── Provided entries

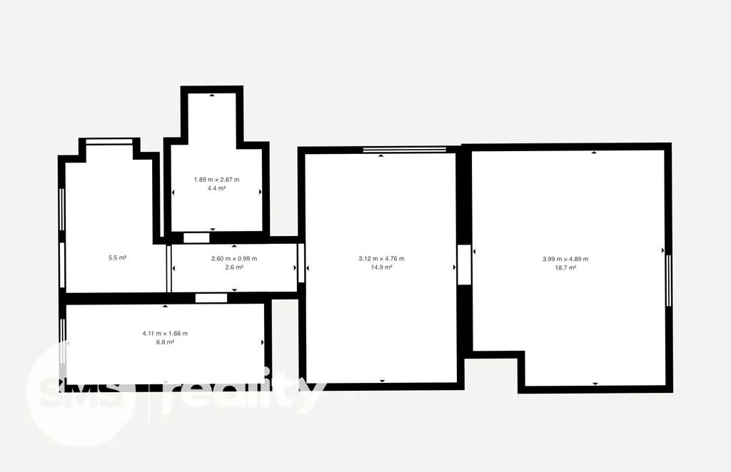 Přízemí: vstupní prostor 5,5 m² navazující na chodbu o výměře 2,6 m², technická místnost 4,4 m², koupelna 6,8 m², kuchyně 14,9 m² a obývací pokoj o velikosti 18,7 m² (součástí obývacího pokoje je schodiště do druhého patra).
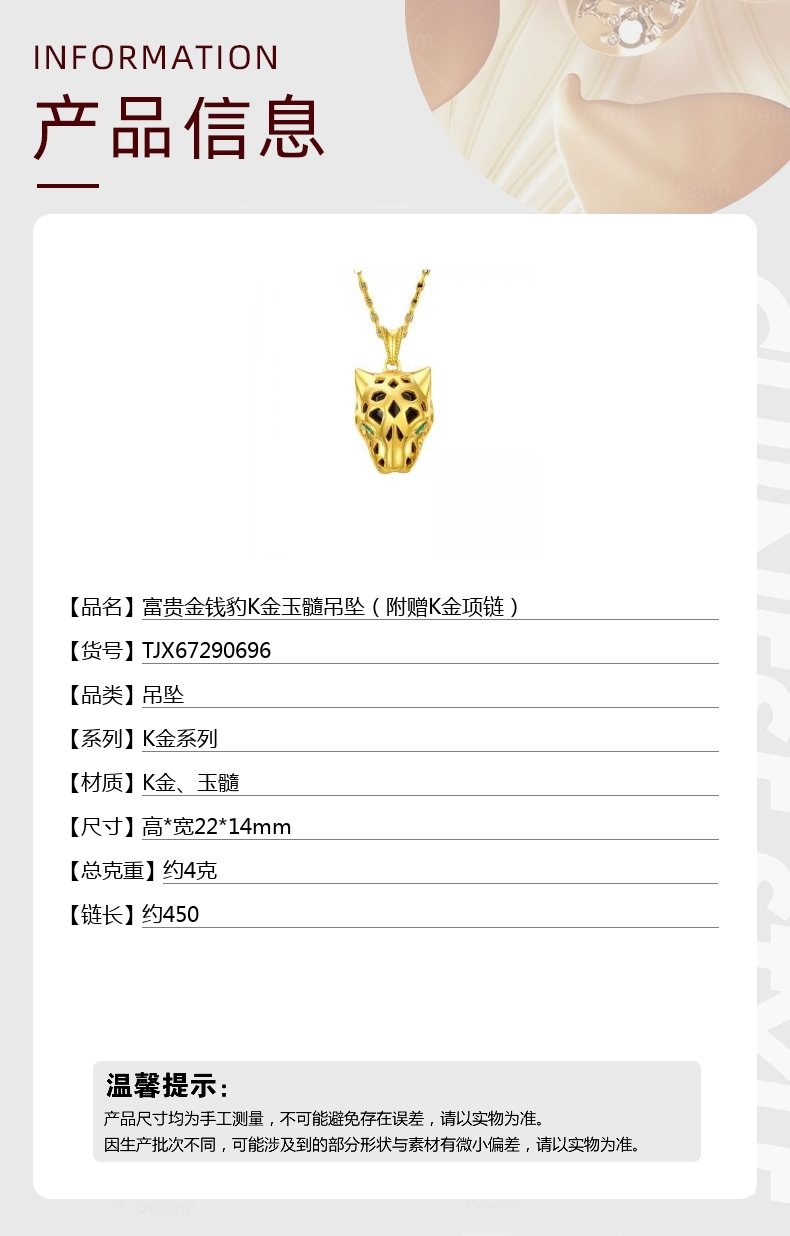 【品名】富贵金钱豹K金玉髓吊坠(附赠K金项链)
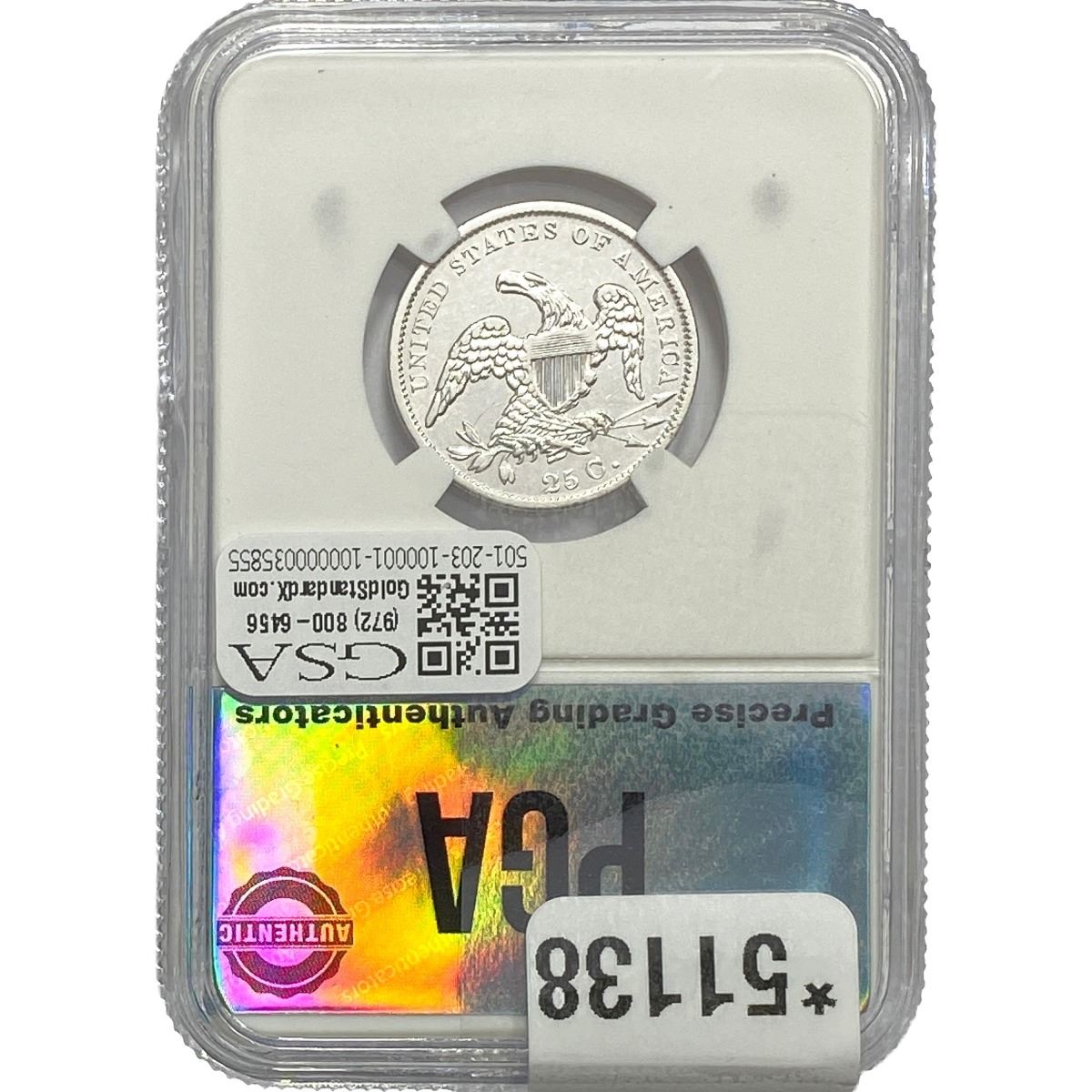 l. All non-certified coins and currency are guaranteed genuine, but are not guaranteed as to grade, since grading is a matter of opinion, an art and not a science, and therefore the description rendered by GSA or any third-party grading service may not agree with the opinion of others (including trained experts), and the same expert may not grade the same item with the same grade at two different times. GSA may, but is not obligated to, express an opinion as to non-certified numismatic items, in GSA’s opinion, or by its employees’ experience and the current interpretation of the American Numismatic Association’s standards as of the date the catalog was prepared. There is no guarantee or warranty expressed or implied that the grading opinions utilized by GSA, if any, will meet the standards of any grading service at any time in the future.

────
── Provided entries

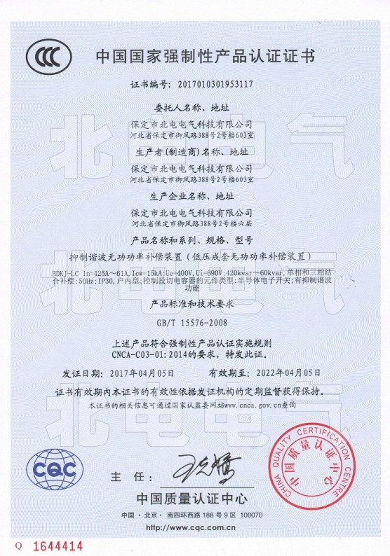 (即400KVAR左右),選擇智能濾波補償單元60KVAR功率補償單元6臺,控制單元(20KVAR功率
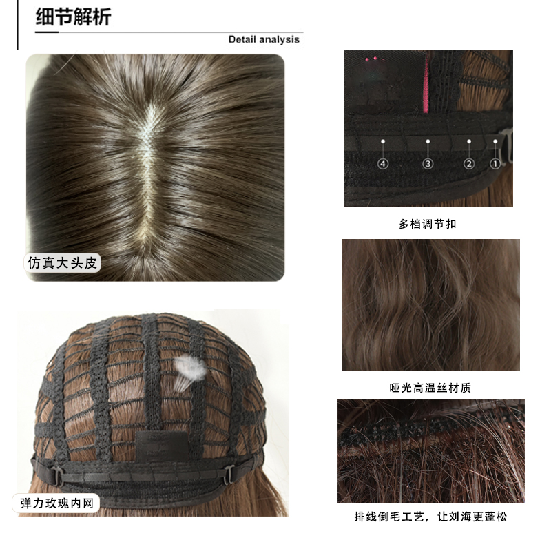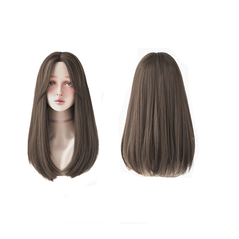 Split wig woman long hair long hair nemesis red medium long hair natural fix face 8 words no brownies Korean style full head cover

────
── Provided entries

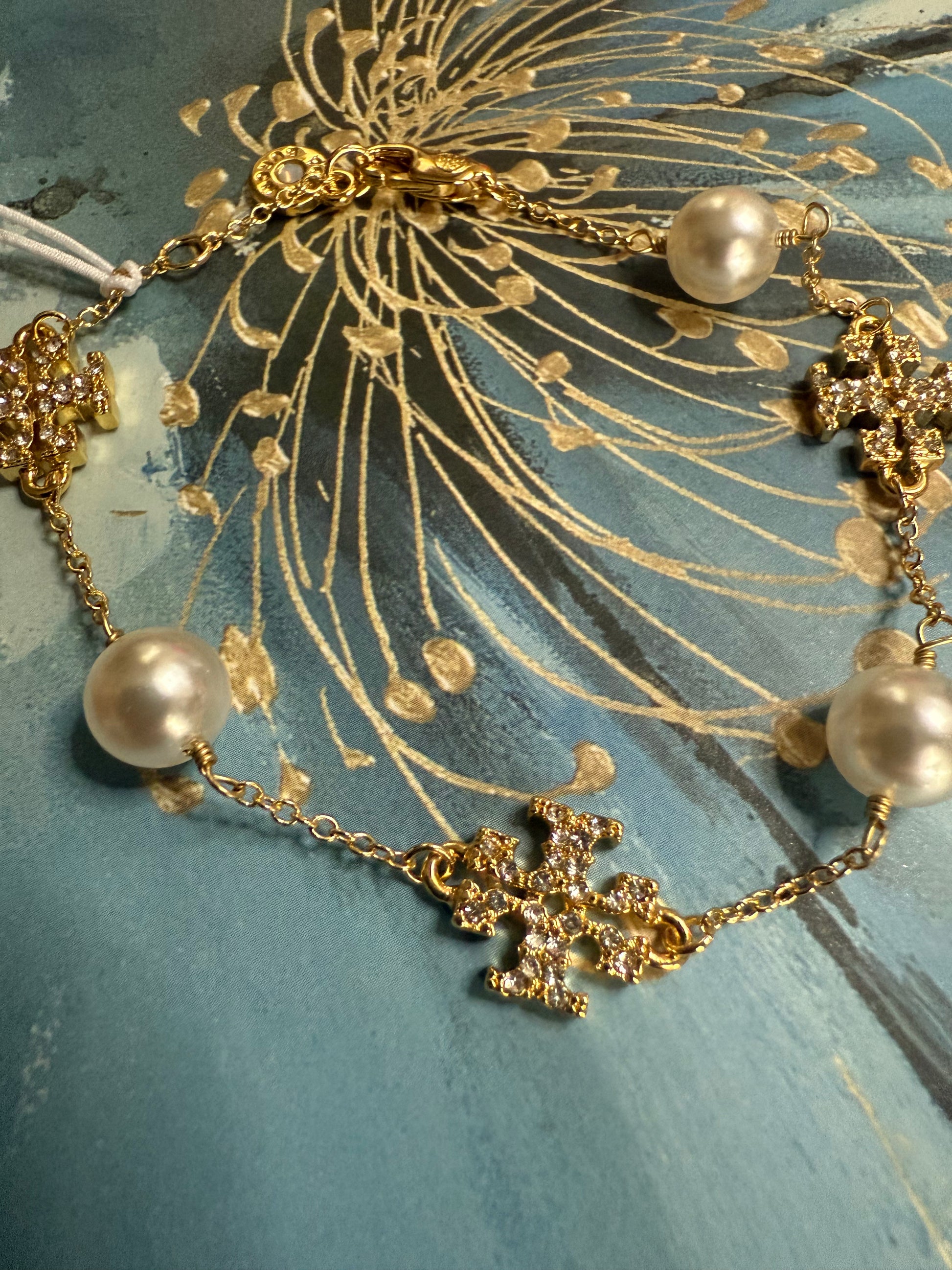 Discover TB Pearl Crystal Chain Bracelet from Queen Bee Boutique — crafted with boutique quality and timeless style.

────

From the listing above, restate verbatim the lines running from the one with "(即400KVAR左右),選" through the one with "Split wig woman", inclusive, but not the pictures.

_Answer box_.
 (即400KVAR左右),選擇智能濾波補償單元60KVAR功率補償單元6臺,控制單元(20KVAR功率
 Split wig woman long hair long hair nemesis red medium long hair natural fix face 8 words no brownies Korean style full head cover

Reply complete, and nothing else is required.